Counting geodesic paths in graphs

TL;DR

This paper introduces the geodesic subpath number as a new graph invariant, analyzes extremal graphs for this measure, and provides bounds and characterizations for specific graph classes.

Contribution

It defines the geodesic subpath number, explores extremal graphs, and establishes bounds, advancing understanding of shortest path structures in graphs.

Findings

Geodetic graphs minimize the geodesic subpath number.

An upper bound on gpn(G) in terms of n is provided.

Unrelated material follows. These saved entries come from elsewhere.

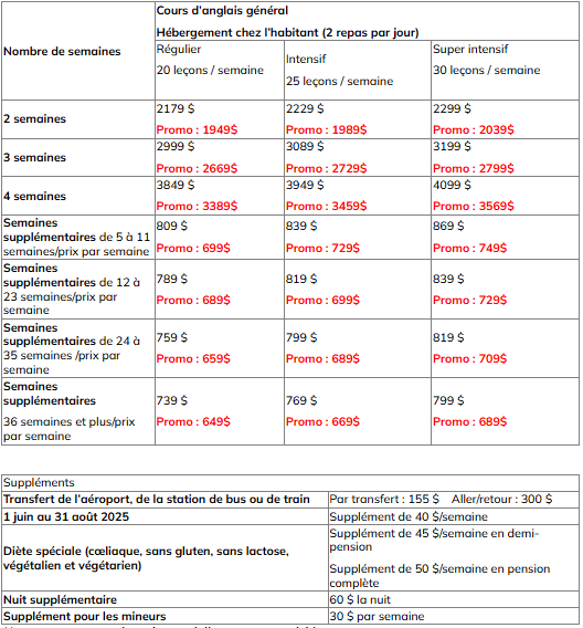 Pour tout séjour en 2026 obtenez 25% de rabais sur les cours (Voir tarif promo)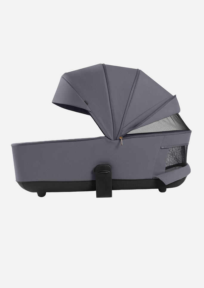 Жесткое основание люльки обеспечивает необходимую поддержку для спины ребенка, что способствует правильному формированию его осанки. Кроме того, чехол матрасика и внутренний вкладыш люльки можно легко снять для стирки, что гарантирует гигиеничность и свежесть. Адаптеры с системой "Memory Button", встроенные в модули коляски, позволяют легко менять высоту модулей, что значительно упрощает взаимодействие с коляской для каждого члена семьи, будь то мама, папа или бабушка.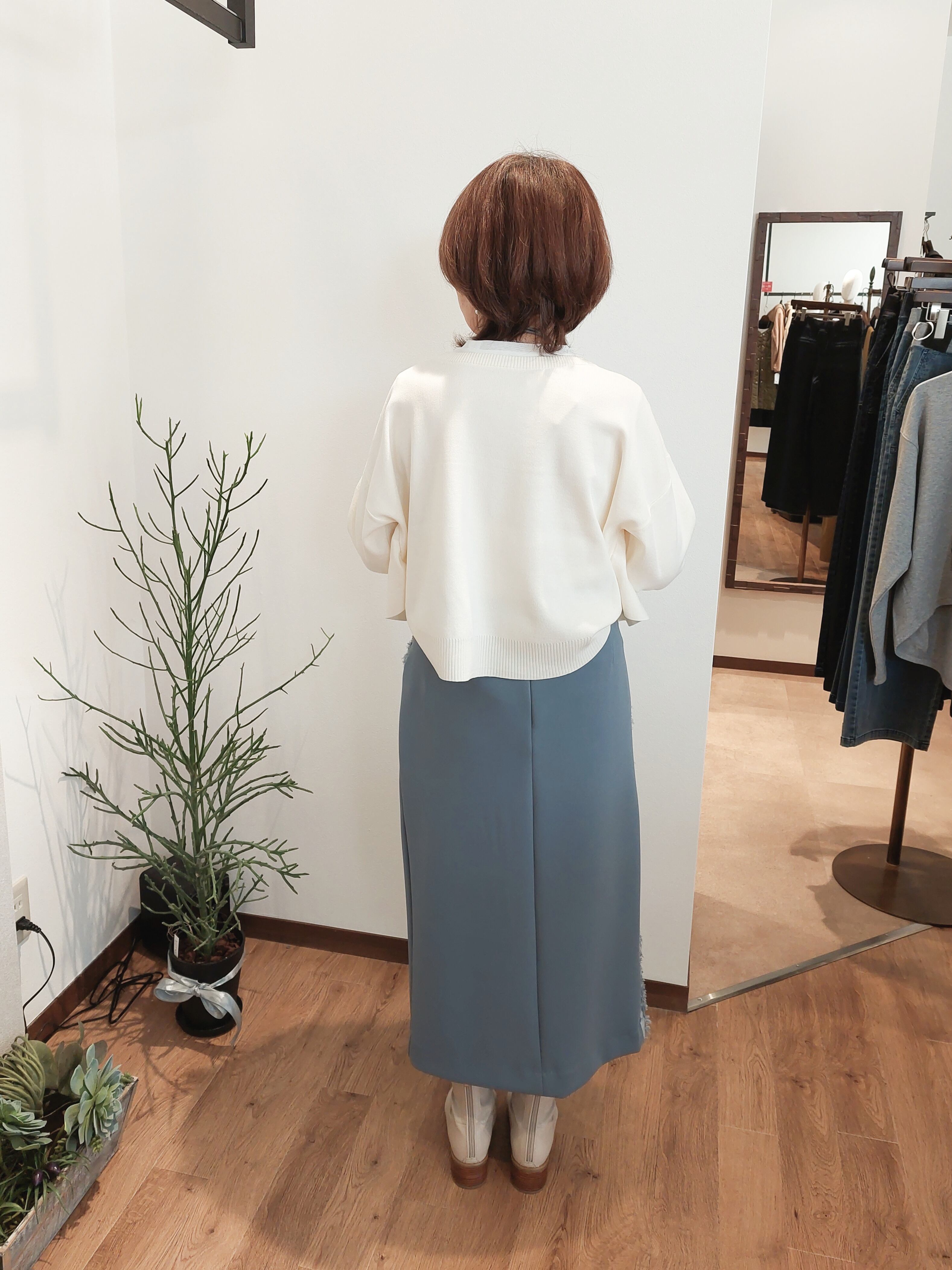 ストレートに近いタイトシルエットに仕上げているのですっきりとしたスタイルに。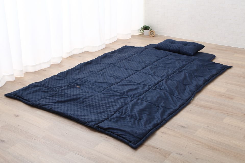 <エムール史上最もコンパクトな布団セット> たたみやすく、コンパクトでありながらいつでも布団の寝心地を体験できる優れものです。 掛け布団、敷き布団、枕の3点セットのため、これひとつ積んでおくだけで安心です。 <日本の職人による良質さ> 日本の提携メーカーで丁寧に制作しています。 素材も良質な綿を使用しており、寝心地もばっちりです。

Extremal graphs for cactus graphs with respect to gpn(G) are characterized.

Abstract

A geodesic is a shortest path which connects a pair of vertices of a graph G. In this paper we define the geodesic subpath number gpn(G) of a graph G as the number of geodesics in G. The number of subtrees and subpaths are already studied in literature, but they are both large quantities. Hence, the geodesic subpath number which is related to these quantities but smaller than both, seems worthy of investigation. We first consider extremal graphs with respect to the geodesic subpath number among all connected graphs on n vertices. This number is minimized by the so called geodetic graphs, i.e. graphs in which each pair of vertices is connected by precisely one geodesic. As for the graphs which maximize the geodesic subpath number, we provide an upper bound on gpn(G) in terms of n and we further consider several graph families which might have a large gpn(G). Yet, their value of gpn(G) still does not attain the established bound, so narrowing the gap remains as an open problem. We also consider the class of cactus graphs on n vertices and k cycles and among them characterize extremal graphs with respect to this new invariant.